As is my wont, I'm generally keen to understand the etymology of the words, particularly the key words, that I use. I think I may as well give you a quick definition of what the word "democracy" actually means, because for most people, I imagine, the concept of democracy is inevitably connected with the political system under which we (those in the western "liberal democracies") live. There's nothing liberal or democratic about them, of course, and there will no doubt be those who would argue that everybody understands that, and what am I moaning about?

Well, perhaps I'm just a pedant, or perhaps there's something more to this laziness with language. That is, while our own lives have no real connection with democratic principles, it's important that we can kid ourselves that they do. More importantly, it's valuable for those in power to pretend that we have some sort of control over our lives, when key decisions impacting our wellbeing are made without any reference to us. If that is the case, and it most certainly is, because I don't remember the last time any cunt of a politician asked me my opinion (on the contrary, as you will discover shortly), then whose interests are those decisions being made in?

Anyway, on that note, let's just define democracy for ourselves. According to etymonline, democracy is derived from an Ancient Greek word "demokratia", which was created by the joining of demos "common people," (originally "district"), and kratos "rule, strength". "The strength of the common people"? It may be debateable as to whether democracy ever existed in Ancient Greece, particularly as that empire practised slavery, but are you beginning to see where my grievance lies? Perhaps the knowledge that I am PNG, as far as my MP is concerned provides a clue. It seems that unless I am willing to discuss issues affecting me in party political terms, then I have no right to be anything other disenfranchised.

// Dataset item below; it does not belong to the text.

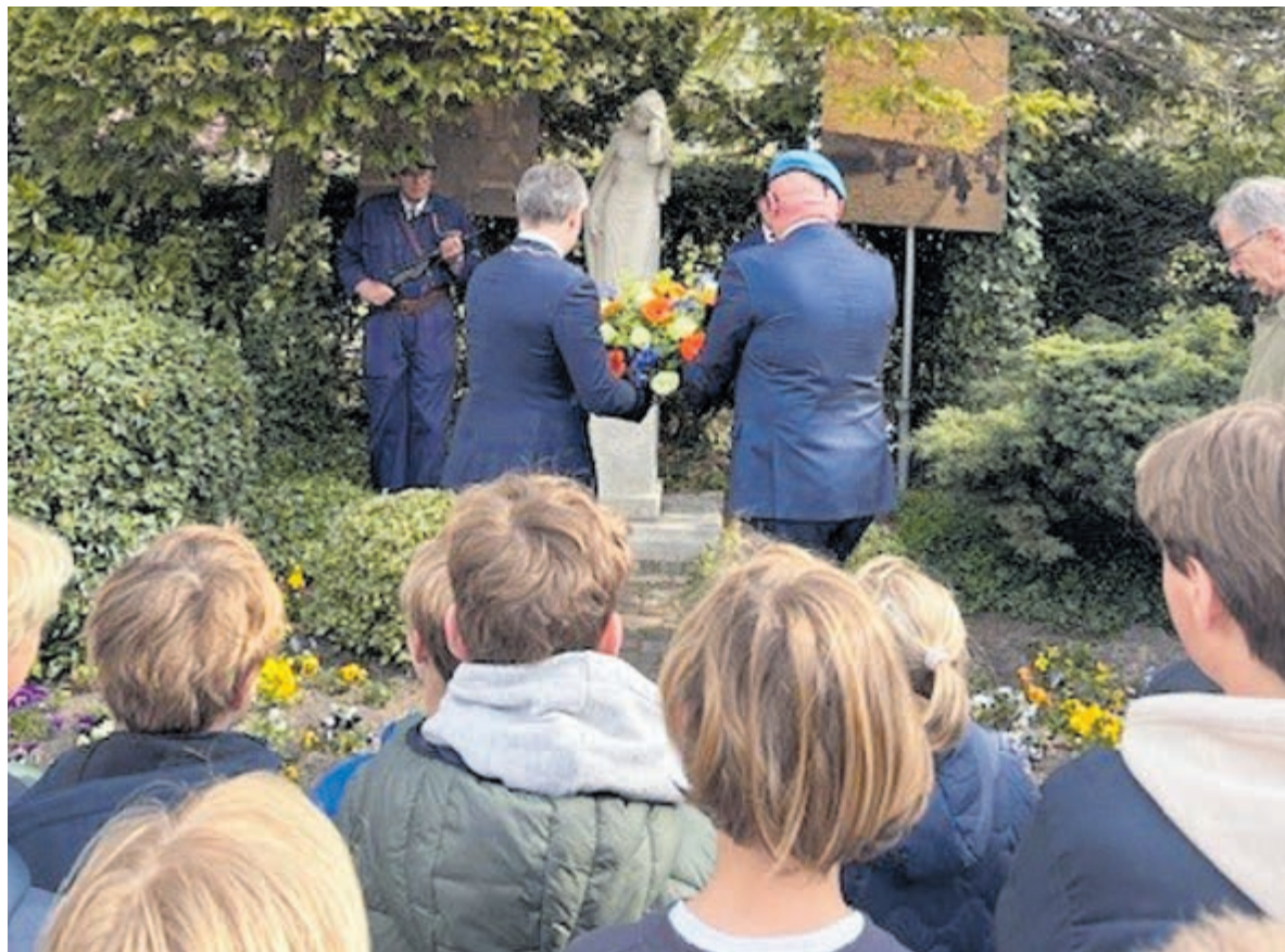
Burgemeester legt een krans bij het monument 'Wenende vrouw'.

Bennebroek - Op woensdag 15 april vond in Bennebroek de jaarlijkse bijeenkomst van Adopteer een Monument plaats. Leerlingen van groep 7 en 8 van de Franciscusschool, Sparrenboschool en de Willinkschool kwamen samen in 't Trefpunt om stil te staan bij de lokale oorlogsgeschiedenis.

Politicians, or political parties, then, if we are to extrapolate from my experience, are only interested in discussing their own realities - like most people, I suppose. In short, my MP no more represents my interests in Westminster than he flies in the air unaided.

So, if we don't have democracy, in its truest (ie, original) sense, then what do we have? Perhaps we should look at the alternatives, and then perhaps we can establish what our experience indicates.

It seems that Aristotle and Plato thought about this question quite closely. Briefly, the alternatives are "autocracy" (rule by a single person); "oligarchy" (rule by the few); and "aristrocracy" (rule by the best (LMFAO)). While oligarchy and aristocracy might look superficially similar, the distinction that one would make is that aristocracy appears to boil down to rule by the moneyed class, whereas oligarchy appears to concern those who interested in acquiring money, and thus power/influence (control over others, in other words). Indeed, there is a word for this system, too: "plutocracy".

I leave it to the gentle reader (that's enough Aesop. Ed.) to consider which of those possibilities best fits what is actually happening, according to his/her experience, and then to consider whose interests the majority of decisions are likely to be made in. I'll leave you with a quotation by Winston Churchill:

"The strongest argument against democracy is a five minute discussion with the average voter."

And the strongest argument against parliamentary democracy that I can think of is that quotation, Mr Churchill. Many thanks for that.